Have an interesting issue. After migrating to a secondary internet pipe last night, by changing our core switch default route, all traffic sourced internally flows out the attached firewall to the internet without issue. Unfortunately, our MS Exchange OWA server is receiving traffic from our primary internet pipe, yet sending the return traffic out the new one.

As a result, mail from outside to in works generally, but not OWA. Since we use OWA for all mobile devices to sync with our mail environment, they have all stopped working.

What options do I have, outside of changing the public DNS entry for OWA by moving it to the new internet feed?

Attached is a topology diagram that should give a better picture of the scenario.

Thanks in advance!

Jeff B

3 Replies 3

Richard Burts
Hall of Fame
Hall of Fame

Jeff

From your description and from the drawing it is pretty clear what is happening. Traffic arrives via the ATT connection and is forwarded to the mail server/OWA server. It sends response to its default gateway which is the core switch.

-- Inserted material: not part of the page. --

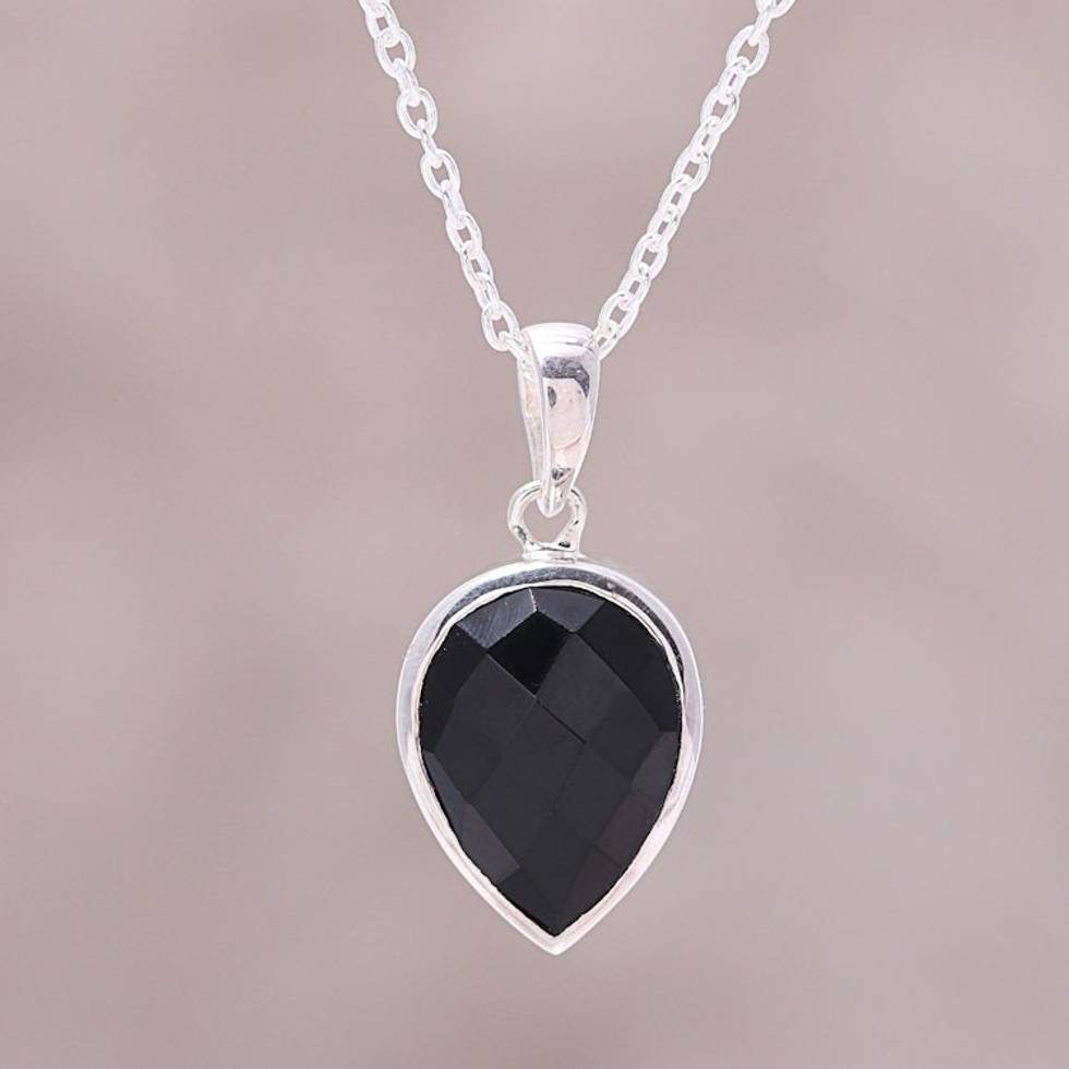 Sterling Silver Black Onyx Midnight Drop Pendant Necklace 'Midnight Drop' Item ID: 2671652071

The core switch has a static default route pointing to 10.33.200.5 and that is how traffic from the OWA server gets to the Internet.

What is not clear is why you do not have this issue with more than OWA, since it seems fairly clear that you have created an asymmetric routing path where most traffic would arrive on the ATT connection and return via the new Internet connection. And it is not clear why the core switch has a static default route pointing to the new Internet connection. It is also not clear how you wish to treat both Internet connections. Are they both to be active and share load, or is one to be primary and the other to be failover. Once we have a better understanding of your intentions and your design we may be able to give you better advice.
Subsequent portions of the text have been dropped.